To validate the causative role of mutations, the recombinant FVII molecules (r331Ser-FVII, r283Ser-FVII) were transiently expressed in BHK cells. Their antigen levels (Table 1) did not differ significantly (P = .93) from those of rWt-FVII. Functional assays in a reconstituted system showed a clearly detectable FXa generation activity (Table1) for the r331Ser-FVII. In contrast, the activity of the r283Ser-FVII was indistinguishable from that of the mock medium, and of medium containing the active site (rSer344Ala-FVII) or the cleavage site (rArg152Gln-FVII) mutants,9 22 used as 2 inactive reference CRM+ FVII variants.

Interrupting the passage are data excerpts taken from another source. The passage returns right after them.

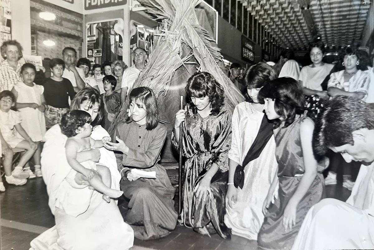 Otras fotografías muestran pesebres armados en escuelas, galerías y espacios públicos, una costumbre extendida que involucraba a alumnos, docentes y comunidades enteras. La representación del nacimiento de Jesús ocupaba un lugar central en la celebración, con estructuras armadas de manera artesanal y abiertas a la visita de los vecinos.
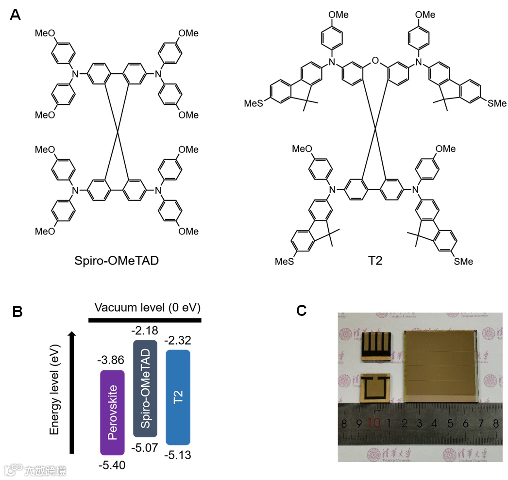 Spiro-OMeTAD和T2的化学结构及能级位置和基于T2制备的钙钛矿电池和组件照片
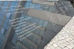 The name of Izrael Kanał is shown on the commemorative plaque placed at Monument to the Evacuation of the Warsaw Ghetto Fighters at 51 Prosta Street in Warsaw.
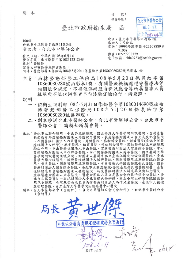 | 台北市中醫師公會 官網:http://www.tpcma.org.tw 地址:台北市中正區青島西路11號3樓 E-mail:tp.cma@msa.hinet.net 電話:(02)2314-3456(代表號) 傳真:(02)2314-8181 |
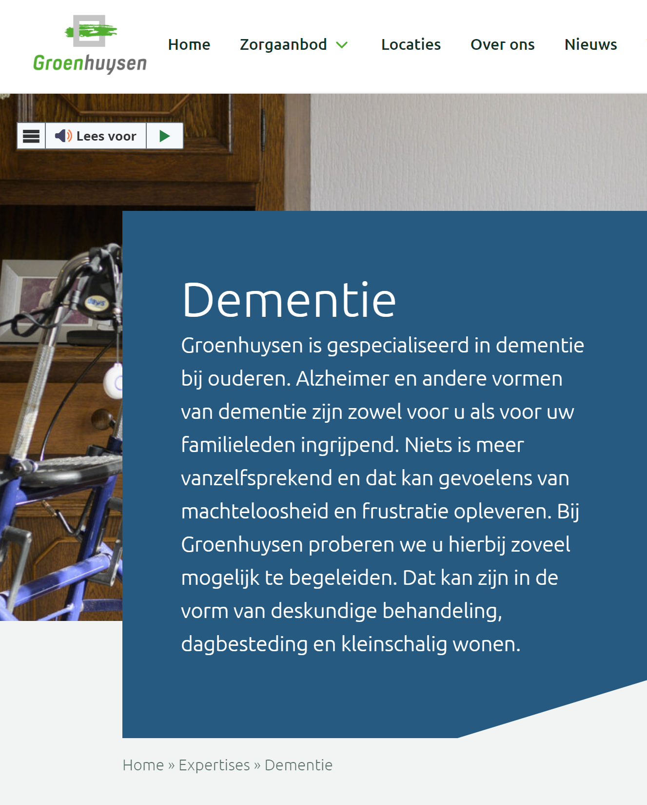 Groenhuysen is gespecialiseerd in dementie bij ouderen. Alzheimer en andere vormen van dementie is ingrijpend. Zowel voor de bewoners als voor de familieleden. Niets is namelijk meer vanzelfsprekend. En dat kan gevoelens van machteloosheid en frustratie opleveren. Groenhuysen probeert hierbij zoveel mogelijk te begeleiden. Dat kan zijn in de vorm van deskundige behandeling, dagbesteding en kleinschalig wonen. Zo biedt Kroonestede een beschermde, veilige en aangename leefomgeving. Bewoners krijgen hier alle hulp die nodig is.
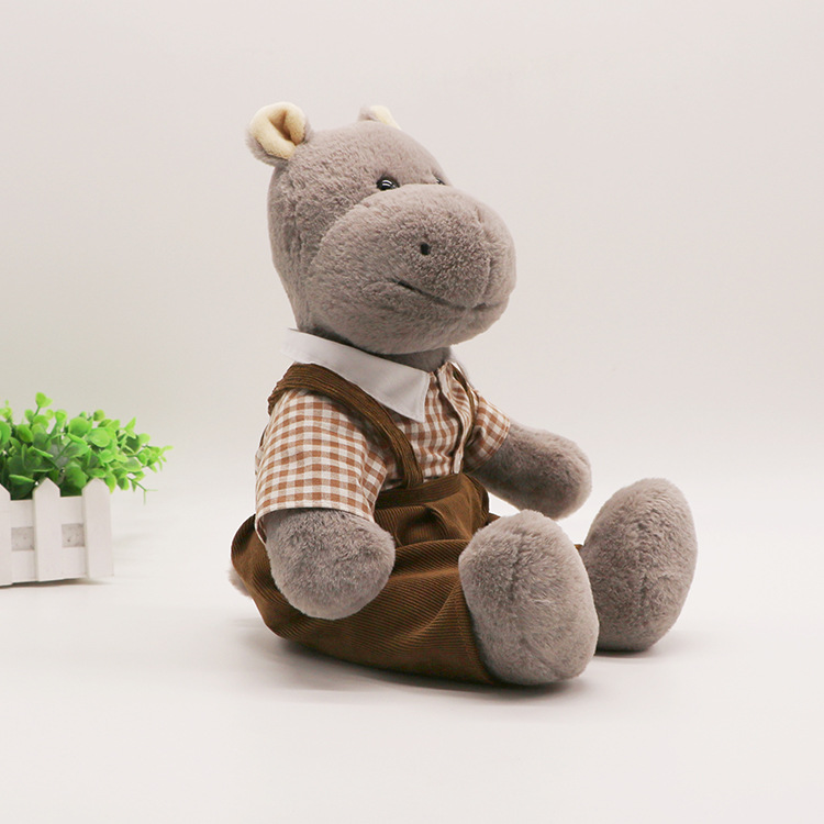 穿衣河马毛绒玩具公仔坐版河马玩偶创意卡通布娃娃厂家直供
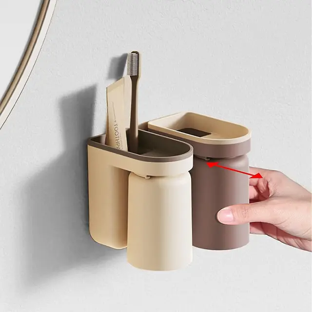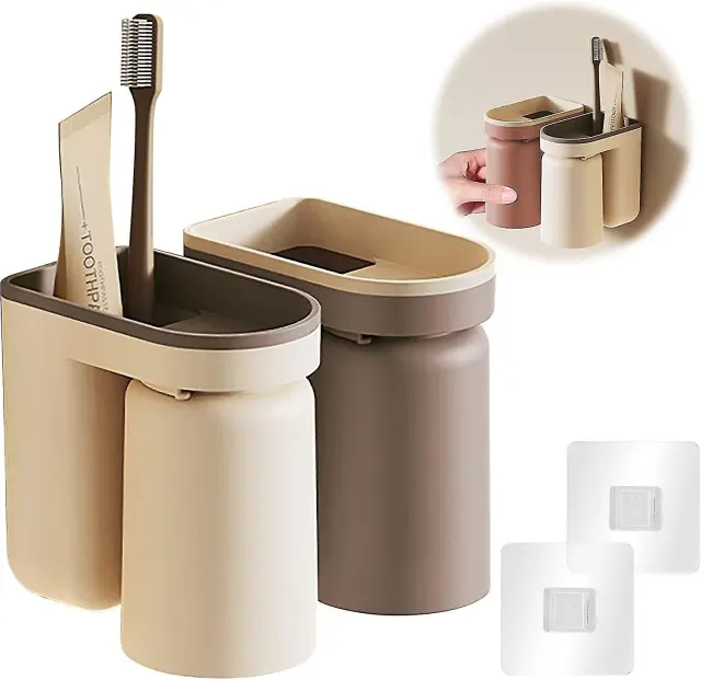 Stensko držalo za zobno ščetko, držalo za električno zobno ščetko, brez vrtanja, 2 skodelici
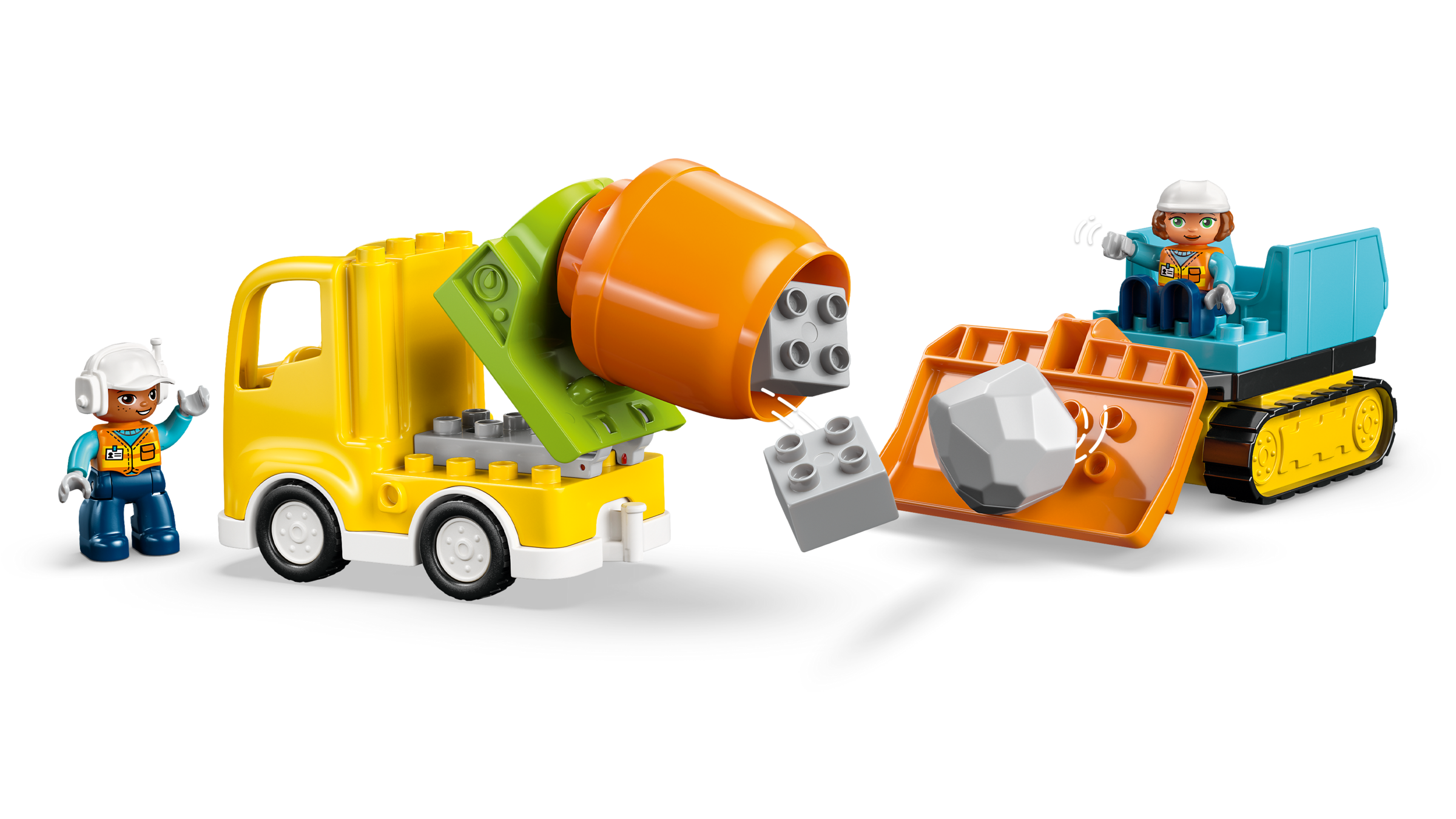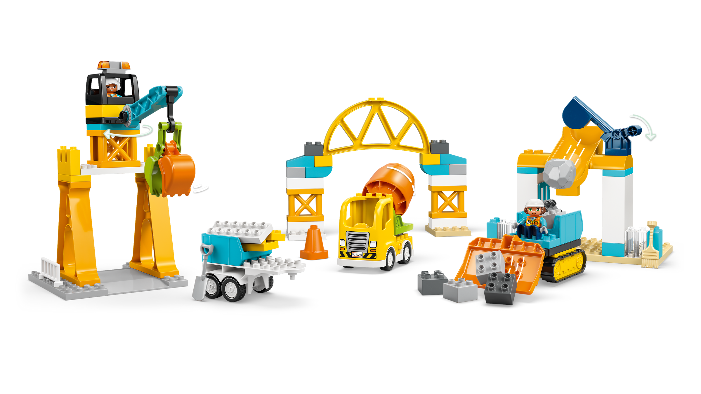 Kleinkinder können einen Bulldozer mit Schaufel, einen Kipplaster mit Kippfunktion, einen Betonmischer mit drehbarer Trommel und einen Kran mit Schaufel an dem bewe glichen Arm bauen. Die Bausteine lassen sich auch zu einem hohen Kran, einer Beladestation, durch die Laster rumpeln können, und einer Brücke, unter der die Fahrzeuge hindurchfahren können, zusammenfügen.
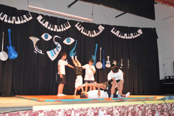 Después llegó la exhibición de Acrosport, un trabajo realizado en Ed. Física pero en el que ellos van diseñando bailes y acrobacias, todas muy aplaudidas por los asistentes.
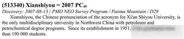 称为“西安石油(Xianshiyou)星”
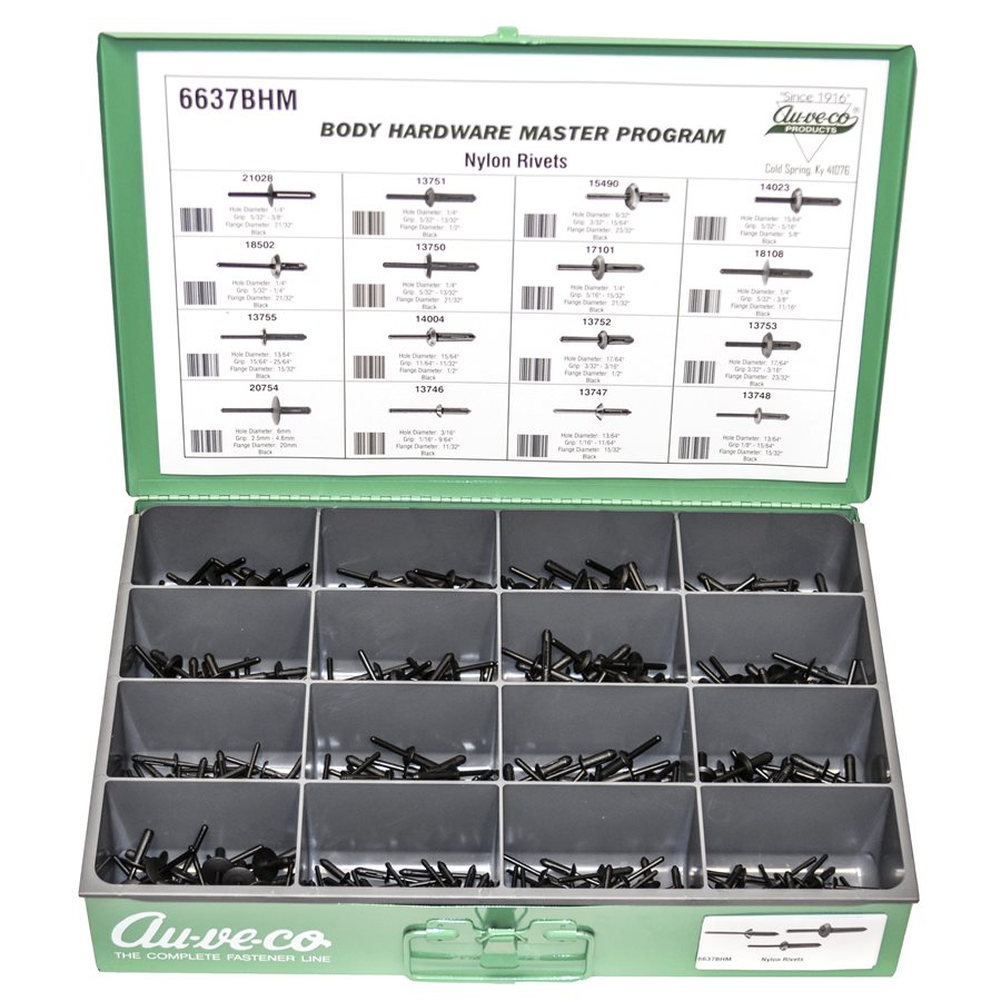 Nylon Rivets, 16 Varieties, 475 Pieces, Contains the following Auveco Part Numbers: 20754, 13746, 13747, 13748, 13755, 14004, 13752, 13753, 18502, 13750, 17101, 18108, 21028, 13751, 15490, 14023. Comes With Steel Drawer.
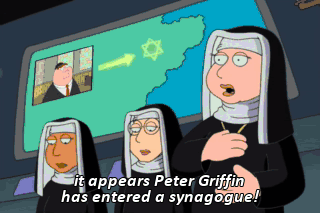 it appears Peter Griffin has entered a synagogue! Lock and load, Brides of Christ! Excellent, excellent! Hello.
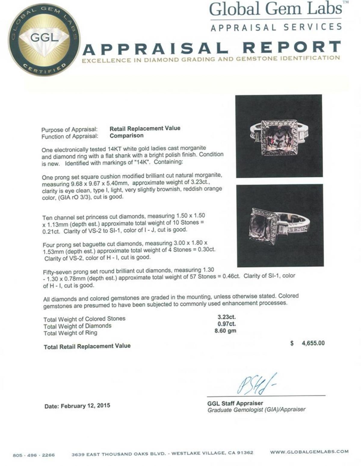 One electronically tested 14KT white gold ladies cast morganite and diamond ring with a flat shank with a bright polish finish. Identified with markings of "14K". Condition is new. Containing: One prong set square cushion modified brilliant cut natural morganite, measuring 9.68 x 9.67 x 5.40mm, approximate weight of 3.23ct., clarity is eye clean, type I, light, very slightly brownish, reddish orange color, (GIA rO 3/3), cut is good. Ten channel set princess cut diamonds, measuring 1.50 x 1.50 x 1.13mm (depth est.) approximate total weight of 10 Stones = 0.21ct. Clarity: VS-2 to SI-1. Color: I - J, Cut is Good. Four prong set baguette cut diamonds, measuring 3.00 x 1.80 x 1.53mm (depth est.) approximate total weight of 4 Stones = 0.30ct. Clarity: VS-2. Color: H - I, Cut is Good. Fifty-Seven prong set round brilliant cut diamonds, measuring 1.30 - 1.30 x 0.78mm (depth est.) approximate total weight of 57 Stones = 0.46ct. Clarity: SI-1. Color: H - I, Cut is Good. All diamonds and colored gemstones are graded in the mounting, unless otherwise stated. Colored gemstones are presumed to have been subjected to commonly used enhancement processes. Total Weight of Colored Stones 3.23ct. Total Weight of Diamonds 0.97ct. Total Weight of Ring 8.60 grams. GGL Appraised.

Findings in plasma and reconstituted system help to interpret the markedly different hemorrhagic phenotypes associated to the mutations. The 331Ser-FVII residual activity would trigger coagulation, thus preventing severe bleeding symptoms in the several Gly331Ser homozygotes. On the other hand, the undetectable activity of the 283Ser-FVII is in accordance with the severe phenotype observed in PFVII38.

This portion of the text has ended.